From the given anagrams select the odd one out.
2023
From the given anagrams select the odd one out.
- A.
AE5
- B.
DF6
- C.
HN14
- D.
KP18
Show answer & explanation
Correct answer: D
In this alphanumeric anagram series, each item pairs two letters with a trailing number. In a correctly-formed item, the trailing number equals the alphabetical position of the second letter (A=1, B=2, ... Z=26). To find the odd one out, check whether this letter-to-number correspondence holds for every item -- the one item where it fails is the exception.

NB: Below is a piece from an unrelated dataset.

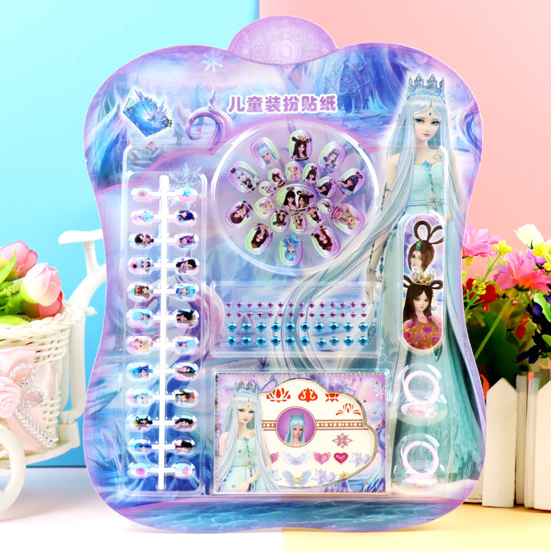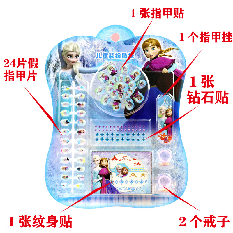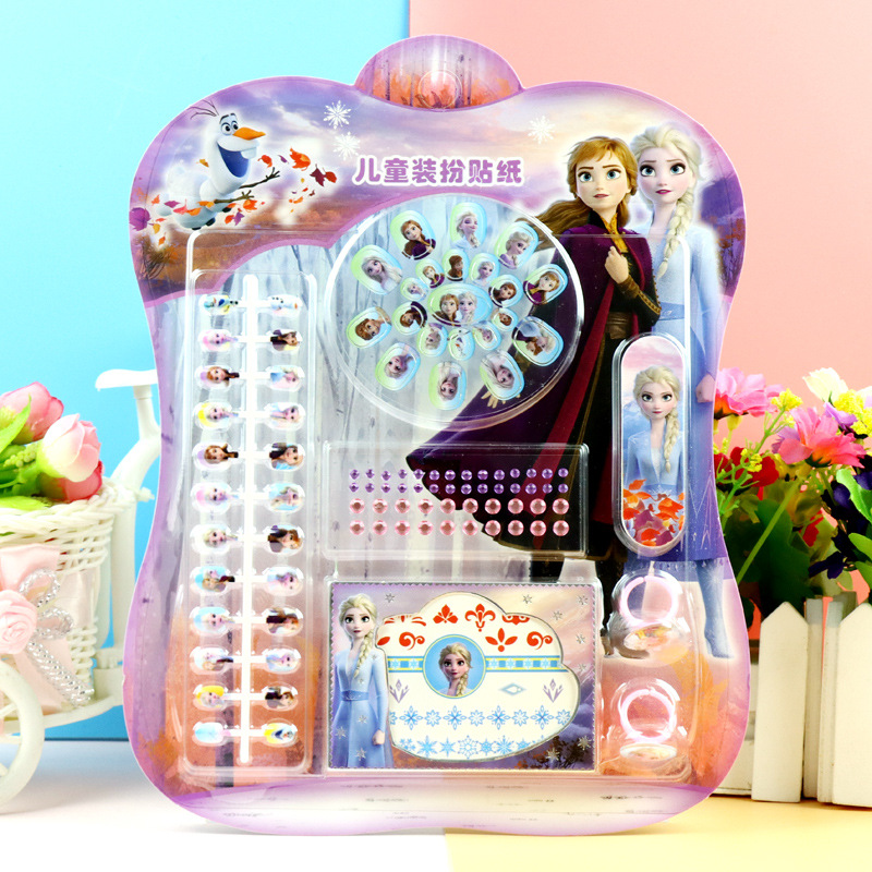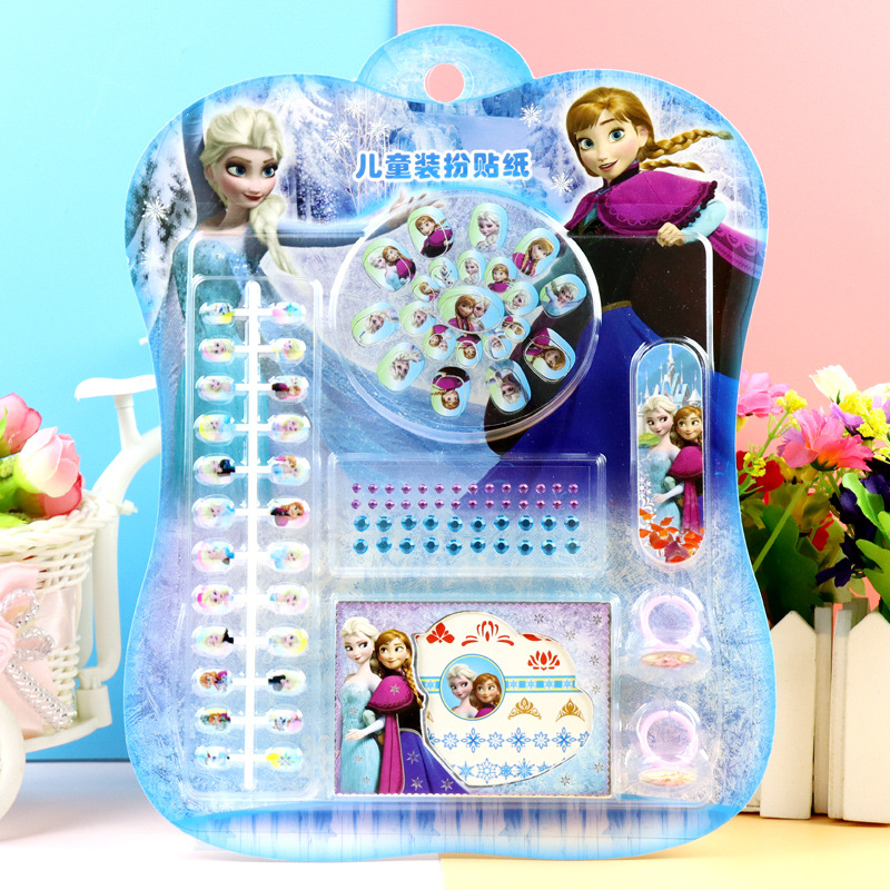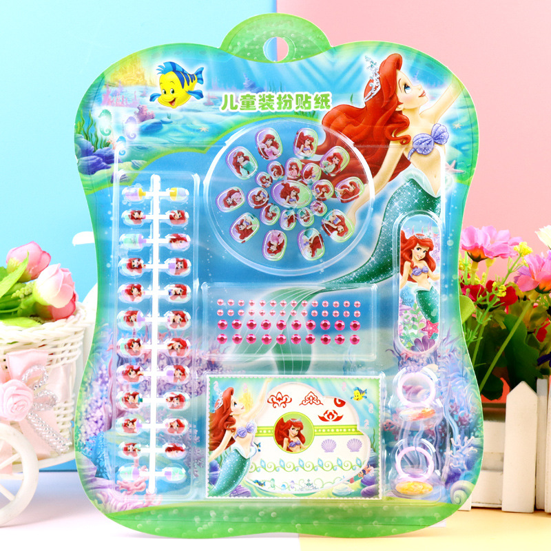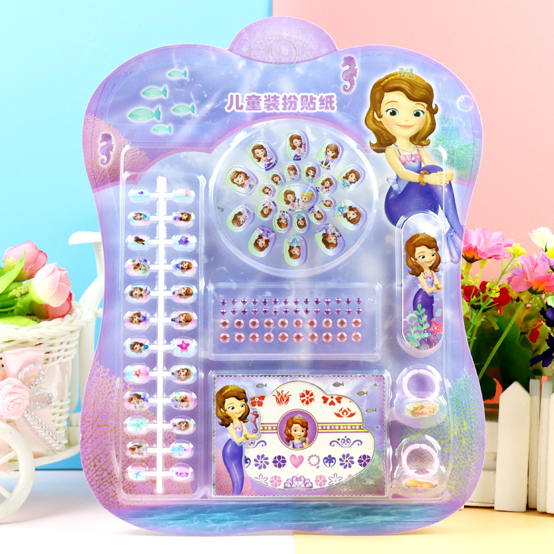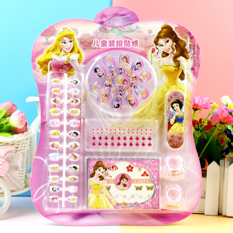 어린이 만화 공주 손 문신 네일 스티커 링 보석 네일 가짜 세트 네일 스티커 네일 좌절

Item | Second letter (position) | Trailing number | Consistent? |
|---|---|---|---|
AE5 | E (5th) | 5 | Yes |
DF6 | F (6th) | 6 | Yes |
HN14 | N (14th) | 14 | Yes |
KP18 | P (16th) | 18 | No -- mismatch |
Checking against the first letter of each pair (A, D, H, K) shows no fixed relationship to the trailing number, confirming the intended rule is the second-letter check. Under that rule, exactly one item -- the one with trailing number 18 -- fails to match; every other item matches its second letter's position exactly.
Since KP18 breaks the pattern that AE5, DF6 and HN14 all satisfy, KP18 is the odd one out.